Лавр держался так, словно и он, и ливонцы, и Харузин неподвластны царству чумы и бояться им совершенно нечего. Он по целым часам сидел рядом с умирающими и разговаривал с ними, а ночевать устраивался сразу за порогом. Все-таки внутри было слишком душно.

На рассвете приезжала телега, запряженная старой, ко всему равнодушной лошадью. Казалось, животное прекрасно понимает, что происходит вокруг и обзавелось своего рода усталым цинизмом, который бывает свойствен немолодым сиделкам.

Двое мужчин с серыми лицами соскакивали с телеги и подходили к помещению старого склада. Эти мужчины тоже оставались для Харузина загадкой: они были до того, как чума сделала из них повелителей труповозки? Чем они занимались до чумы? И куда исчезнут, когда закончится бедствие?

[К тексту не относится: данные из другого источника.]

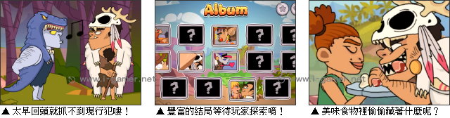 另外,刺客的手法超級多!看似美味的食物,其中可能藏著致命毒藥;明明是人類,下一秒卻變身劍齒虎,把你叼回去當寶寶們的大餐;上一任酋長的鬼魂還會趁隙奪舍,用你的身體繼續他的統治!不過無論你是順利登基還是中途陣亡,所有的結局都會收納在相簿中,玩家可以試著挑戰能不能觸發全部成就唷!
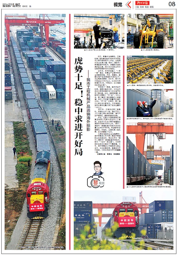 《柳州日?qǐng)?bào)》整版聚焦柳工產(chǎn)品遠(yuǎn)銷海外掠影。今年以來,柳工海外訂單增長(zhǎng)顯著,其中1月份海外銷量同比增長(zhǎng)103%。“開門紅”的背后,柳工海外訂單也發(fā)生了新變化,高端機(jī)型的出海發(fā)運(yùn)量占到了總發(fā)運(yùn)量的一半。
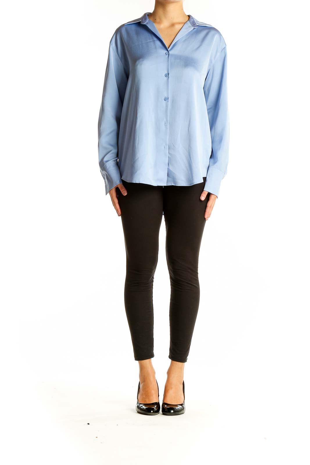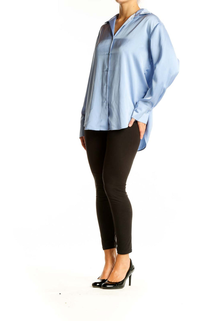 Elevate your wardrobe with this sophisticated light blue button-down shirt from Uniqlo. Crafted from smooth polyester, this top offers both comfort and style for any occasion. The relaxed fit and long sleeves provide a versatile look that can be dressed up or down.
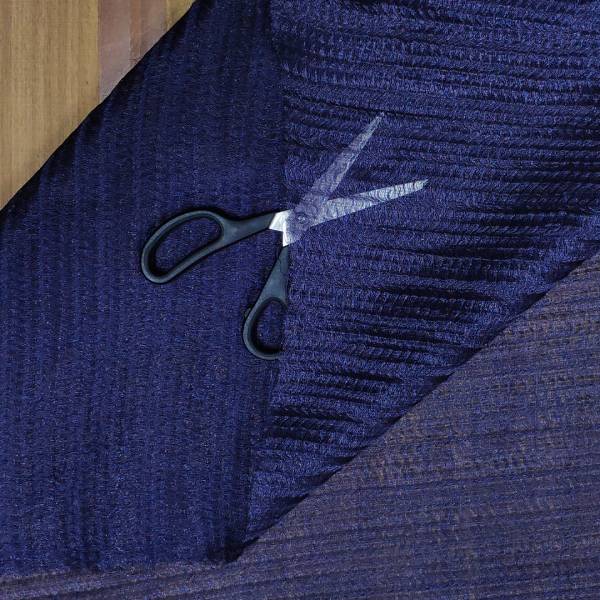 Tessuto voile leggero e trasparente ma tempo stesso resistente. Colore viola con lavorazione raffinata in due sensi opposti che crano un elegante effetto a righe.

Воистину, у эпидемии – собственная свита, как у настоящей королевы; и когда она удаляется, свита уходит вместе с ней. Неплохой сюжет для Андерсона. Кстати, Харузин не слишком любил великого сказочника. Еще в детстве его истории казались Сергею слишком печальными, слишком жестокими. Они исключительно умело причиняли боль. Может быть, поэтому в мультфильмах по «Стойкому оловянному солдатику» почти всегда изменяют финал? А «Соловей и Роза»? Да мало ли историй, вызывающих у ребенка слезы?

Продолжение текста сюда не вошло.